PHOENIX -- The Jodi Arias penalty retrial was halted for unexplained reasons Thursday afternoon.
"Ladies and gentleman, we do not need you for the rest of the afternoon," Judge Sherry Stephens told jurors after the afternoon recess.
After a sidebar conversation with lawyers, Stephens explained, "The reason we don't have court is because of a matter that is outside the control of any of the parties. You should not blame anyone for the fact that we cannot proceed this afternoon."
The judge inexplicably asked one juror, No. 17, to stay and apparently met privately with the juror and the attorneys. When Stephens and the lawyers emerged from the meeting, there was no additional explanation for the delay and court adjourned for the day.
The delay follows the dismissal this week of two jurors. The jury panel now includes 16 people -- 12 jurors plus four alternates -- to decide whether Arias will be sentenced to life imprisonment or death in the 2008 slaying of her ex-boyfriend, Travis Alexander. A jury convicted Arias of first-degree murder in 2013, but deadlocked during the sentencing phase, prompting the penalty retrial.
Former police detective Esteban Flores told reporters on his way out of court Thursday that no jurors were dismissed.
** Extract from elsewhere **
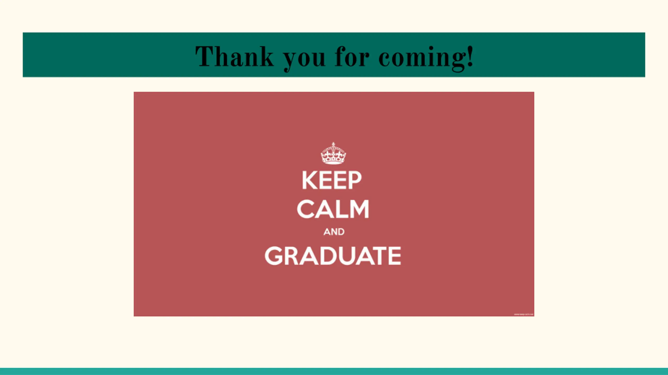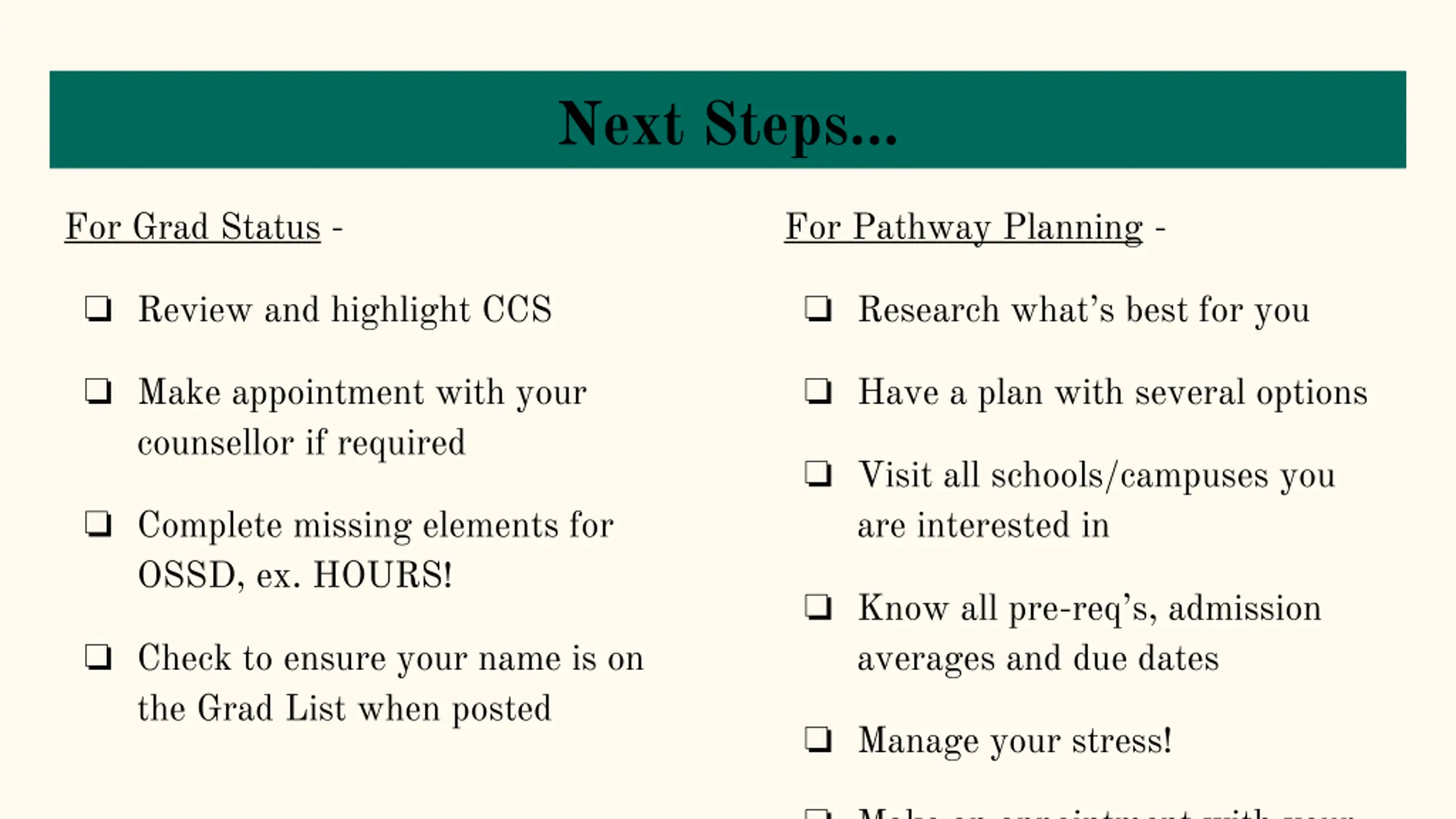 Next Steps... For Grad Status - For Pathway Planning - Review and highlight CCS Research what s best for you Make appointment with your counsellor if required Have a plan with several options Visit all schools/campuses you are interested in Complete missing elements for OSSD, ex. HOURS! Know all pre-req s, admission averages and due dates Check to ensure your name is on the Grad List when posted Manage your stress! Make an appointment with your

However, Gold said that "doesn't mean that one won't be dismissed."
"If the juror had a family emergency, why wouldn't the judge say so? That happens all the time, but it didn't happen here," Gold continued. "The juror went into chambers to discuss something and when a court does things that are so secretive, it makes you wonder."
The incident comes on the heels of Wednesday's dismissal of juror No. 9, after journalist and legal analyst Beth Karas told the judge she was approached outside the courtroom by the juror. Karas said the juror, an unidentified woman, was not wearing her juror badge and asked her if she was Nancy Grace.
Earlier Thursday, prosecutor Juan Martinez called Kevin Friedman, a former police officer with the Yreka, California, Police Department, to the witness stand. Friedman testified he investigated the theft of a .25-caliber handgun that was stolen from Arias grandparents' house on May 28, 2008.
The stolen gun, which has never been recovered, is the same caliber as the weapon used to shoot Alexander.
The body of Alexander, 30, was found on June 9, 2008, in a pool of blood in the shower of his Mesa apartment by friends.
During his testimony, Friedman noted that several other guns, stored in the same cabinet as the .25-caliber pistol, were untouched, as well as a large amount of quarters that were on top of the cabinet.
"Nothing else was found missing in that room," Friedman said.
The trial is scheduled to resume at 12:30 p.m. Eastern time on Monday.